# US Dealers



## Classic Bikes (Jun 14, 2010)

What US dealers have you done business with? Success Stories?? 

This has got to be one of the best looking bikes on the market today.


----------



## fabsroman (Jul 14, 2006)

Classic Bikes said:


> What US dealers have you done business with? Success Stories??
> 
> This has got to be one of the best looking bikes on the market today.

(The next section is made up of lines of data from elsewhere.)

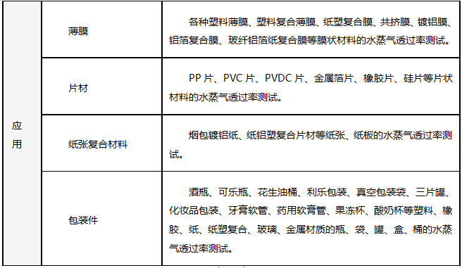 适用于各种塑料薄膜、复合膜、铝箔复合膜、镀铝膜、PVC硬片、药用铝箔、共挤膜、流延膜、太阳能背板等材料水蒸气透过率的测定。通过对水蒸气透过率的测定,达到控制与调节包装材料阻隔水蒸气的技术指标。
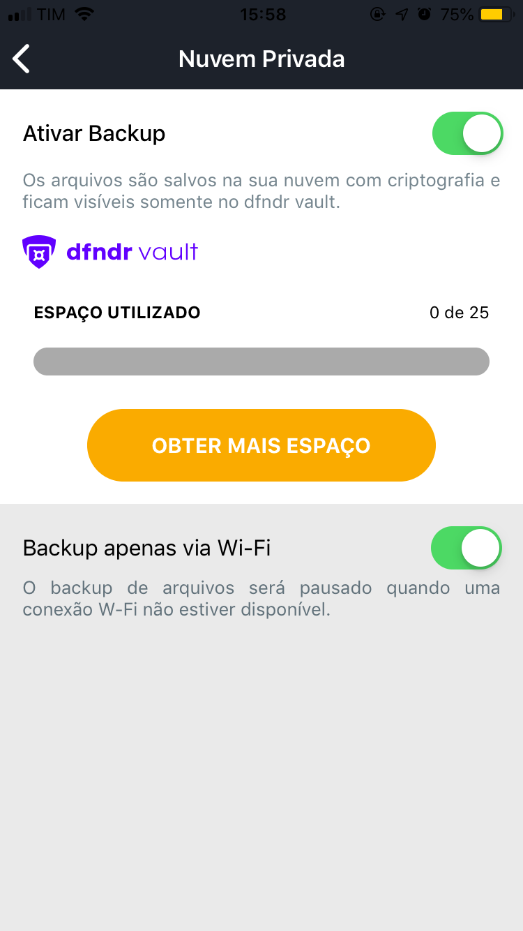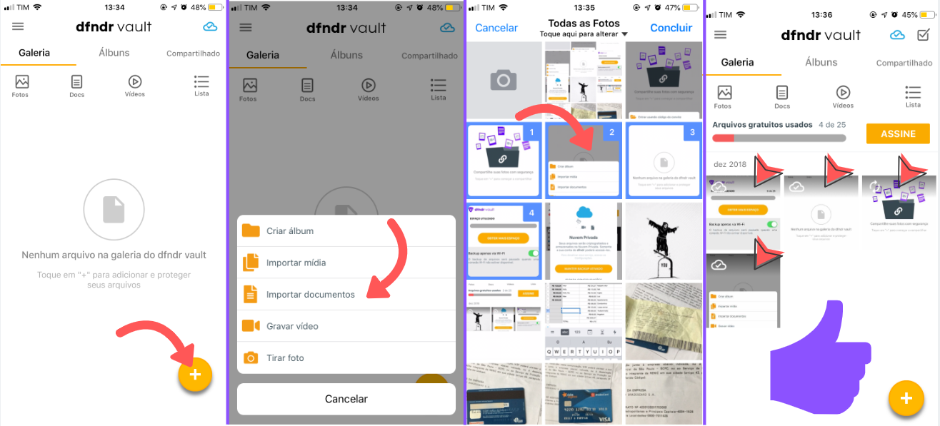- Pronto! Seus arquivos irão aparecer na tela do dfndr vault.
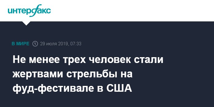 Москва. 29 июля. INTERFAX.RU - Три человека погибли и 12 пострадали в результате стрельбы на фуд-фестивале Garlic Festival в городе Гилрое в Калифорнии, сообщил Associated Press мэр города Дион Бракко.
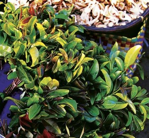 ใบ: เดี่ยว รูปรีแกมรูปไข่กลับหรือรูปขอบขนาน ออกตรงข้าม ปลายใบแหลม โคนใบสอบ ยอดใบอ่อนมีสีแดงเรื่อ แผ่นใบเป็นมัน
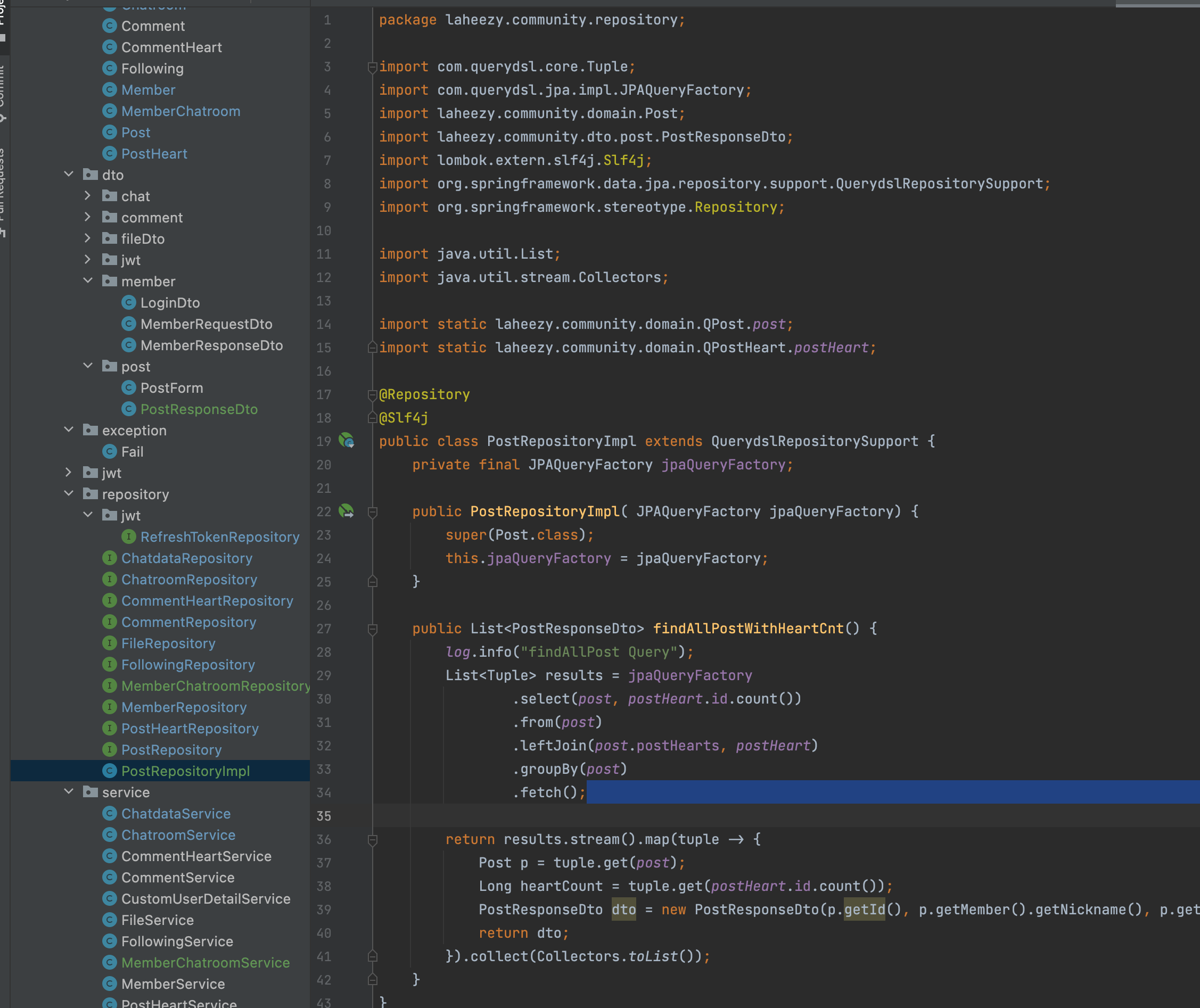 public List<PostResponseDto> findAllPostWithHeartCnt() {

I have yet to buy a Colnago from a US dealer, so I have nothing to add there. I will second the notion that the Saronni (i.e., PR82) paint scheme is awesome. It was an "exclusive" on the EPS for the 2010 model year, but it looks like it is standard issue on the EPS for the 2011 model year. It also appears that it will still be offered on the Master X-Light for 2011, which is what I plan to get during tax season so I can build it up right after I finish up with tax season.


----------



## Jbartmc (Sep 14, 2007)

Pista Palace in San DIego is great to work with, I am a repeat customer. Otherwise, I have purchased items from Wrench Science and RA Cycles and been happy.


----------



## saba (Jul 17, 2007)

This was a huge subject of debate. Please visit the colnago usa website and follow the link to their AUTHORIZED dealers. This will avoid the US vs overseas debate and keep you in compliance with your warranty

Bicycle Pro Shop in Georgetown and R&A are 2 shops I have dealt with and would recommend them to anyone


----------



## gun2head (Sep 3, 2006)

I bought all of my Colnagos from the Bicycle Emporium in Auburn California. Great service from a core of cyclist that have been riding for decades.


----------